Saturday, November 28, 2009

One Dark and Stormy Night

Washington has had a very unusual fall. It has been dark, cold, and wet. Many evenings are punctuated by violent thunderstorms that uproot trees and set roofs on fire. The thunder is so loud that it shakes the house and sets the cat racing about.

It was one such night that I was reading about contemporary Japanese society. It is now nearly banal to say that the country's recent elections reflected the need for politics to catch up with modern society. Laws, regulations, and social services have not kept pace with Japan's profound and uncomfortable social changes. Right and Left both complain that Japan has lost its sense of identity.

The laws maintained and the attitudes preserved as upholding the "Japanese" system were merely those of a small group of elites who managed Japan through the LDP. This ruling class had evolved to focus solely on maintaing its privilege, and not the greater social welfare. It did not govern. These politicians had ruled so long that Washington believed the LDP when told the party was the only legitimate representative of the Japanese people.

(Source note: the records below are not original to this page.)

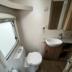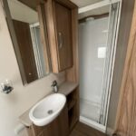 - Rear bathroom with shower cubicle, Thetford cassette toilet, and vanity washbasin
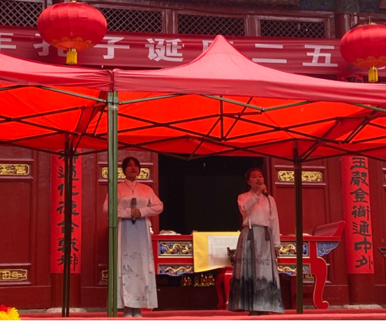 9月28日,农历癸卯年八月十四日,高山景仰,鸾凤和鸣;万世师表,千秋共荣。龙城天水,秋高气爽,甘肃省天水市秦州区千年文庙彩旗飘飘,古乐声声。2023(癸卯)年纪念孔子诞辰2574周年祭祀大典隆重举行。2023级全体新生及部分教师参加了此次活动,21级历史1班罗佑如同学和贾喜燕同学表演了诗朗诵等节目。
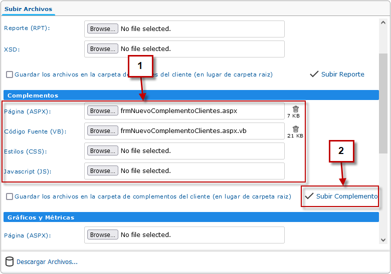 b. Luego de haber seleccionado la opción de Subir Archivos se muestra la pantalla donde debemos subir los archivos (aspx, vb) en la sección Complementos y
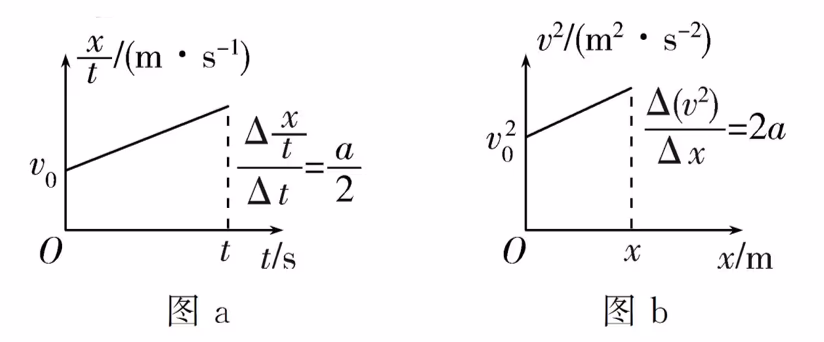特殊图像 $v^2-x$ 图像:由 $v^2-v_0^2=2ax$ 可得 $v^2=v_0^2+2ax$,图线斜率为 $2a$,图像纵截距为初速度的二次方,如图 b。
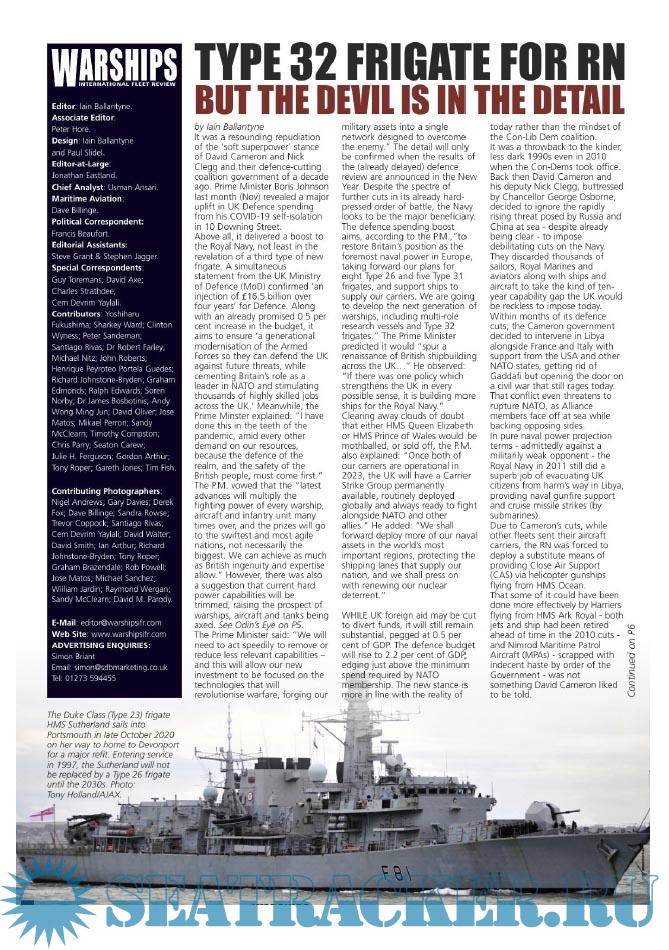 Description: Warships IFR puts the spotlight on the latest developments in the world’s navies. It covers current defence issues and has comments by leading analysts. The magazine regularly includes features on the Royal Navy and the US Navy in addition to incorporating news and features on all other navies across the globe. Warships IFR frequently carries in-depth articles on naval heritage.WARSHIPS International Fleet Review is published 12 times a year by Tandy Media Ltd who also publish Shipping Today & Yesterday (which provides news and features from the world of merchant shipping).

Many analysts like to point out that the DPJ is composed of many former LDP members. The new government is simply a recast LDP. After all there are quite a number of ultra-conservatives in the DPJ. Hatoyama's Cabinet has five members of Nippon Kaigi, which wants to revive the role of the Emperor and believes Japan was tricked into the War (Kamei, Fujii, Maehara, Nakai, and Matsuno). It is also common to say that the election results were a judgement on the LDP faults, rather than support of any positive action from the DPJ.

Nonetheless, the LDP does know something big has happened. In a recent Sentaku article, a conservative magazine, the author admits that the LDP did not and may not adapt to the changing circumstances. He notes that "Taro Aso, then prime minister and LDP president, attributed the loss to 'citizens' accumulated dissatisfaction and distrust toward my party over the years.'" Reviving the party may not be possible as "its eventual collapse or disintegration cannot be ruled out."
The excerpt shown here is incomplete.